Siphon away - you'll get a bit of oxygen, but it should be OK.

If you're really worried (and your friend is OK with sulfites) you can add a 1/4 teaspoon of potassium (or sdoium) metabisulfate to the bottling bucket and then siphon the mead onto that. The metabisulate will scavenge the oxygen and give the mead a longer shelf life.


----------



## gww (Feb 14, 2015)

Is oxygen bad cause it might introduce wild yeast or start the yeast back up or are there other reasons it causes problems? 
Thanks
gww


----------



## SuiGeneris (Feb 13, 2018)

It can create off-flavours. They taste similar to that cardboardy-note that cereal gets when its old. Not tasty.


----------



## gww (Feb 14, 2015)

SuiG....
Thanks, I have a quart of my first going just to see what it is like. Not quite a month in and not made with hydrometers or honestly even a vapor lock (just a lid with weight on it). Used bread yeast. It is clearing up and taste like rubbing alcohol or something but not really wine. I just did it to see what a rushed batch (say deer season) might taste like. So you can see that I am not too serious about it yet. I just have never tasted mead and so even a bad batch will be more then I have had so far.

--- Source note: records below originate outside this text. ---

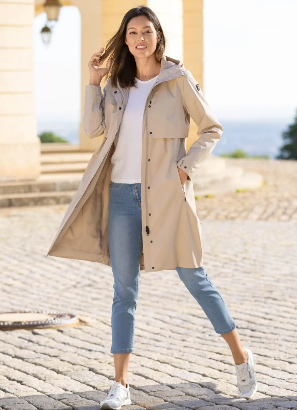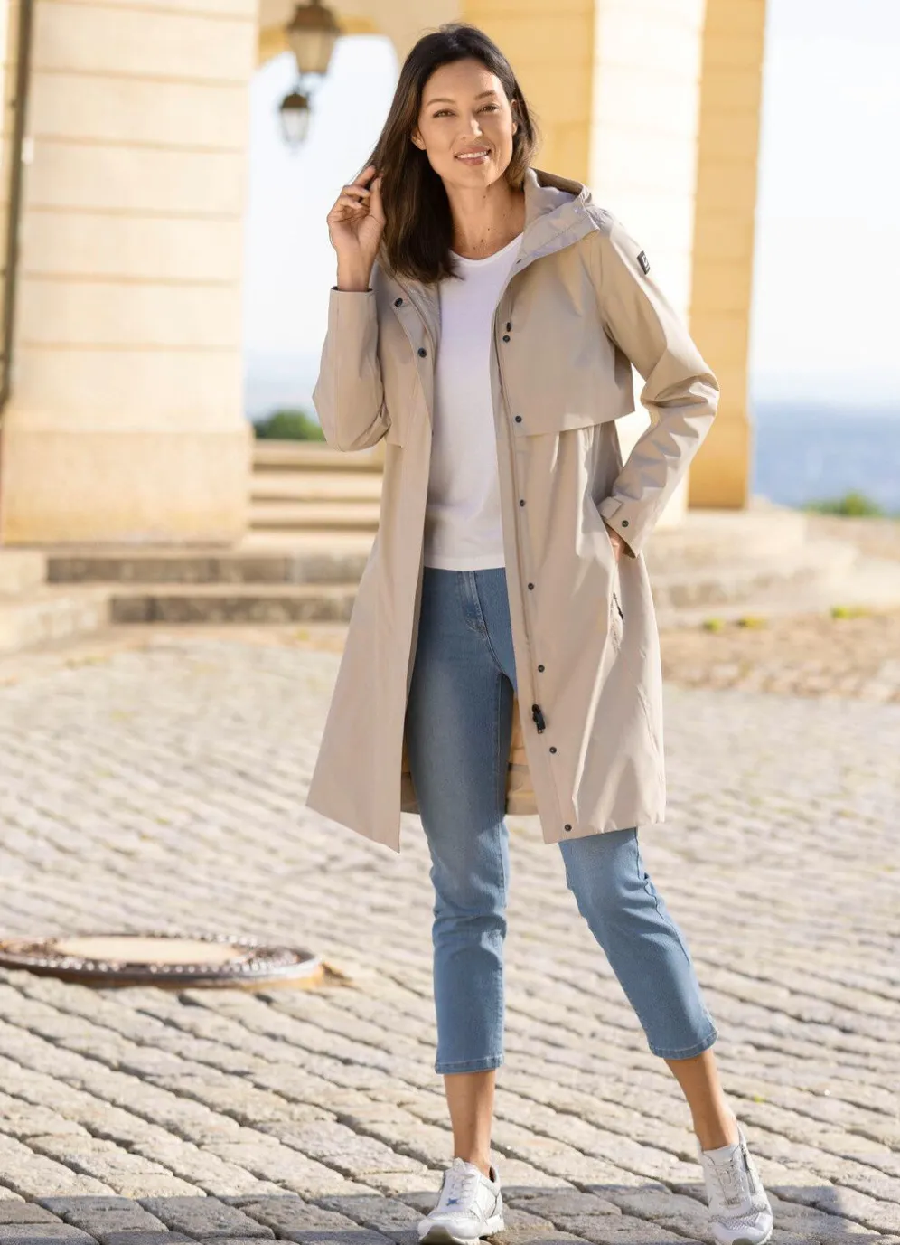 Funktionsmantel in Sand, mit Durchzugsband an der festen Kapuze, durch 2-Wege-Reißverschluss unter der verdeckten Druckerleiste hoch schließbarem Stehkragen, Vorderteilkoller, verdeckten Naht-Reißverschlusstaschen, durch Riegel mit Druckern weitenregulierbaren Ärmelabschlüssen, einer Innentasche sowie Koller mit Belüftung und kleinem Gehschlitz im Rückteil. Länge ca. 99 cm, ab Gr. 40 ca. 101 cm, ab Gr. 44 ca. 103 cm, ab Gr. 48 ca. 105 cm.
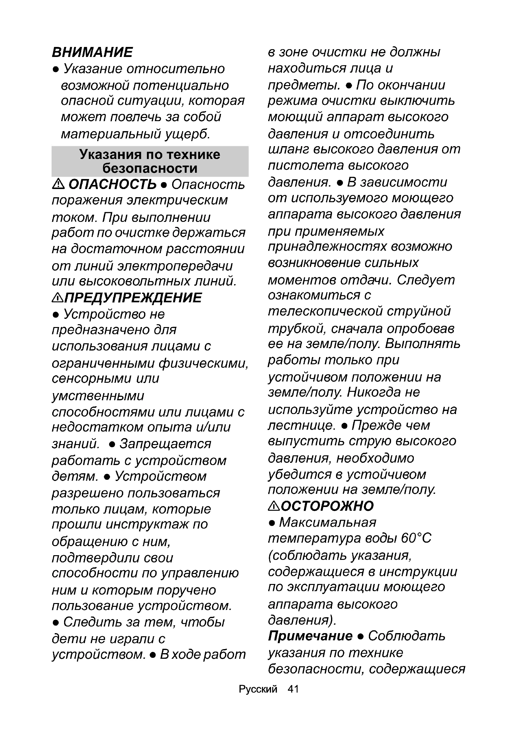 умственными способностями или лицами с недостатком опыта и/или знаний. ● Запрещается работать с устройством детям. ● Устройством разрешено пользоваться только лицам, которые прошли инструктаж по обращению с ним, подтвердили свои способности по управлению ним и которым поручено пользование устройством. ● Следить за тем, чтобы дети не играли с устройством. ● В ходе работ в зоне очистки не должны находиться лица и предметы. ● По окончании режима очистки выключить моющий аппарат высокого давления и отсоединить шланг высокого давления от пистолета высокого давления. ● В зависимости от используемого моющего аппарата высокого давления при применяемых принадлежностях возможно возникновение сильных моментов отдачи. Следует ознакомиться с телескопической струйной трубкой, сначала опробовав ее на земле/полу. Выполнять работы только при устойчивом положении на земле/полу. Никогда не используйте устройство на лестнице. ● Прежде чем выпустить струю высокого давления, необходимо убедится в устойчивом положении на земле/полу. 몇 ОСТОРОЖНО ● Максимальная температура воды 60°C (соблюдать указания, содержащиеся в
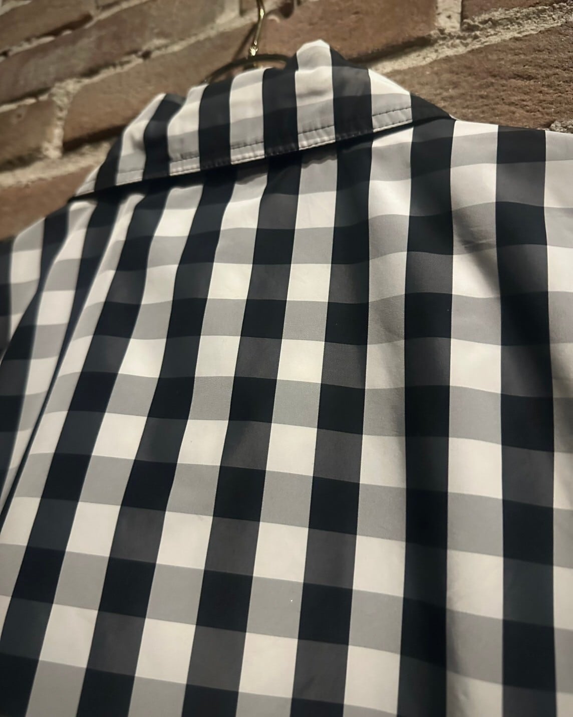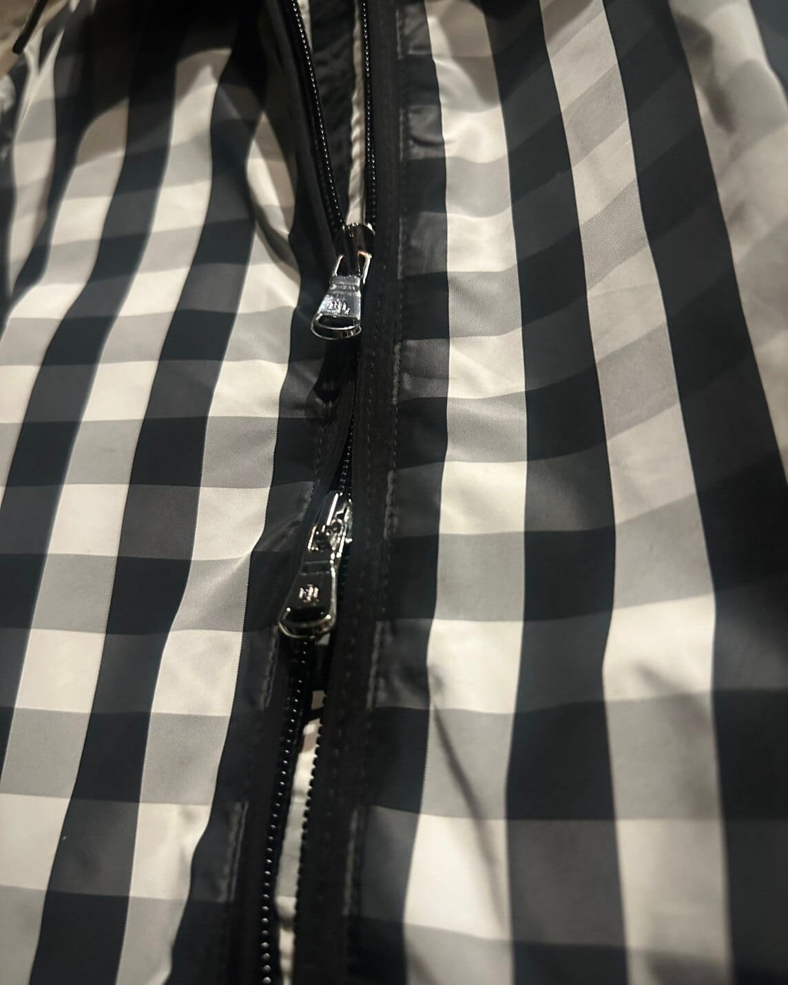 このブランドでは定番のドリズラー型のボディに、白×黒×グレーのモノトーンのブロックチェックを全面に配したジップアップジャケット。
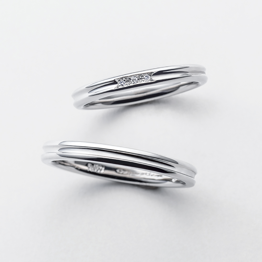 シンプルに真ん中に並んだダイヤモンドは控え目ながらも上品な輝きをみせます♪
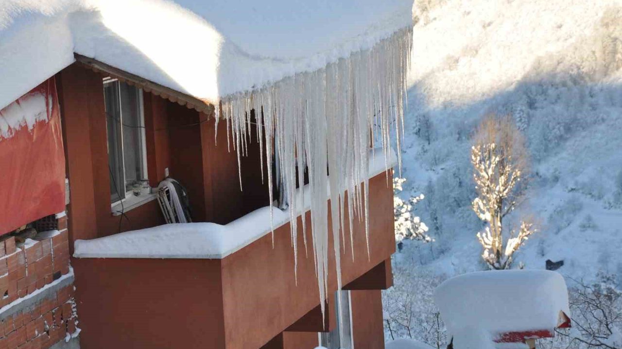 SAKARYA (İHA) – Sakarya’nın Hendek ilçesinde dondurucu hava sebebiyle evlerin çatılarında metrelerce buz sarkıtları oluştu. Karapürçek ilçesinde ise bir kişinin binanın çatısından düşen buz sarkıtının altında kalmaktan son anda kurtulduğu anlar güvenlik kamerasına yansıdı.
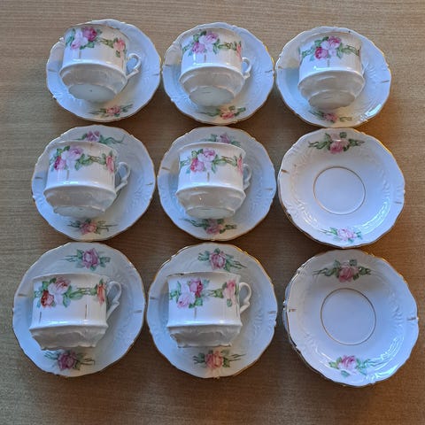 Sæt bestående af fem vintage porcelænskopper med tilhørende underkopper. Designet inkluderer forskellige blomster- og guldtonemønstre på kopperne. Store 7,5 cm og små 12 cm i diameteren. Elegant og klassisk udseende, ideelt til samlere eller dem, der ønsker at tilføje et retro touch til deres kaffestund.
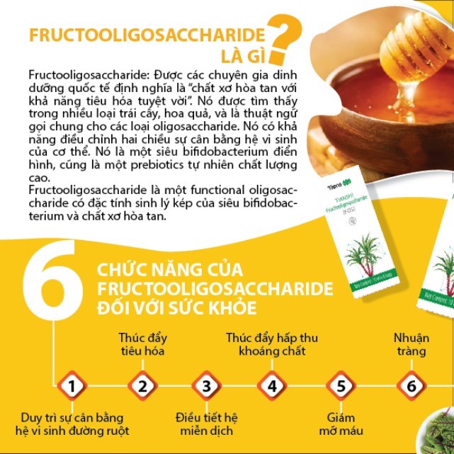 Fructooligosaccharide (FOS)- Thiên Sư - Siro fos Tiens Sản phẩm giàu chất xơ hòa tan phong phú, là nhân tố kích thích sự phát triển của những vi khuẩn hữu ích bifidobateria sống trong đường
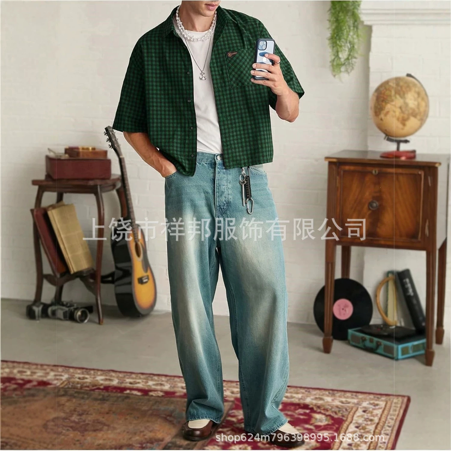 美式y2k复古绿色格纹单口袋 短袖衬衫男夏季宽松休闲百搭短款衬衣
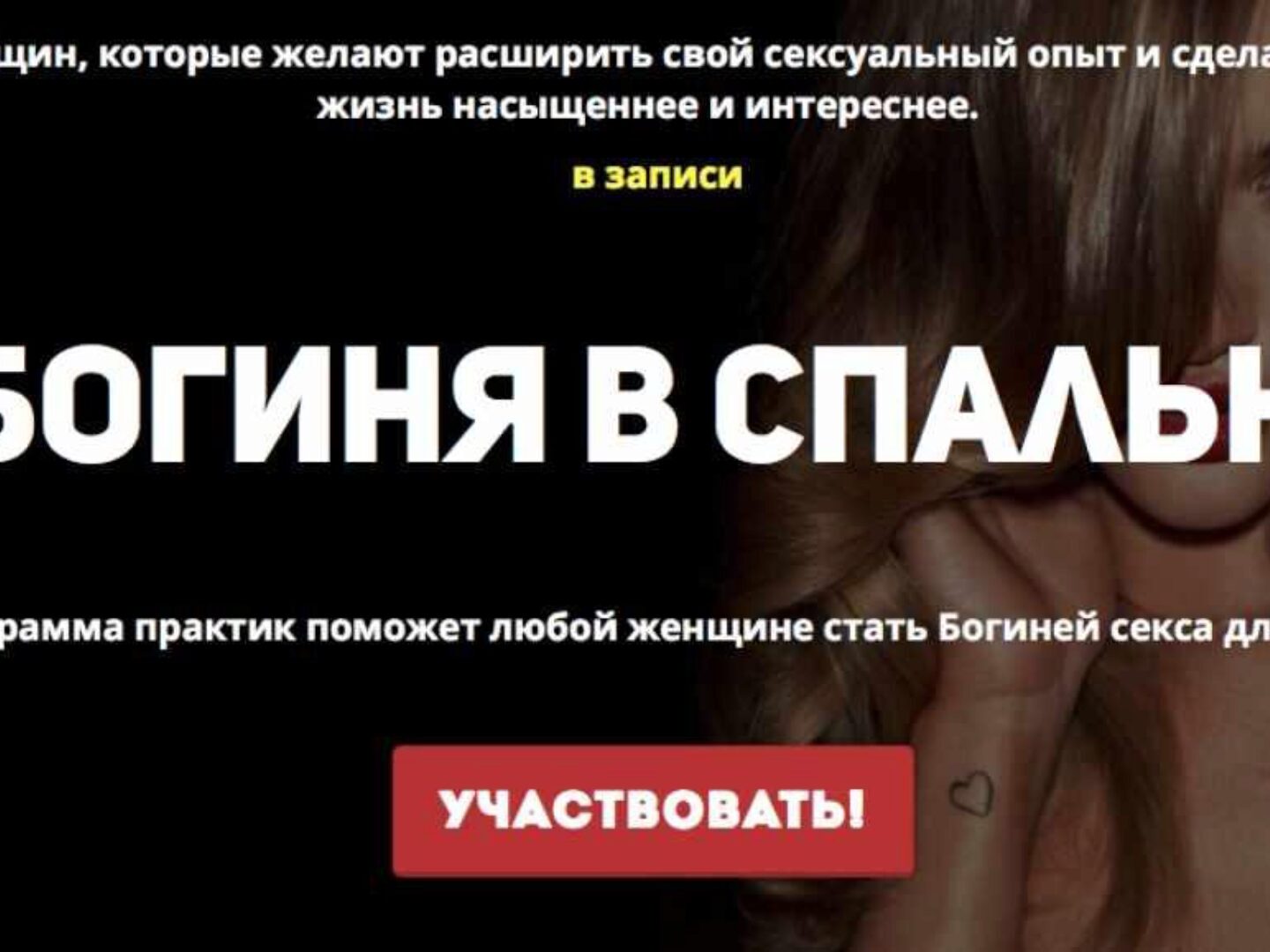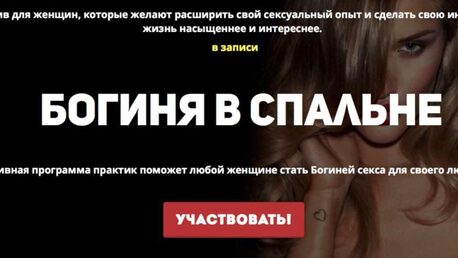 Обучение, которое перевернёт твоё представляете о сексе и отношениях навсегда! ЭТОТ КУРС ДЛЯ ТЕБЯ, ЕСЛИ... Ты хочешь обрести уверенность в себе и поднять самооценку Ты узнаешь все секреты, как стать богиней в жизни и в сексе Секс стал скучным и однообразным Ты научишься незабываемым техникам, что

I have been watching your other post on this subject and so thought this would be a perfect place for me to ask this question.

Thanks for taking the time to answer.
Cheers
gww


----------



## bevy's honeybees (Apr 21, 2011)

SuiGeneris said:


> Siphon away - you'll get a bit of oxygen, but it should be OK.
> 
> If you're really worried (and your friend is OK with sulfites) you can add a 1/4 teaspoon of potassium (or sdoium) metabisulfate to the bottling bucket and then siphon the mead onto that. The metabisulate will scavenge the oxygen and give the mead a longer shelf life.


I ordered some from Amazon, thank you!


----------



## SuiGeneris (Feb 13, 2018)

Just to clarify, use 1/4 tsp metasulfate per 5 US gallons (19L) of mead.


----------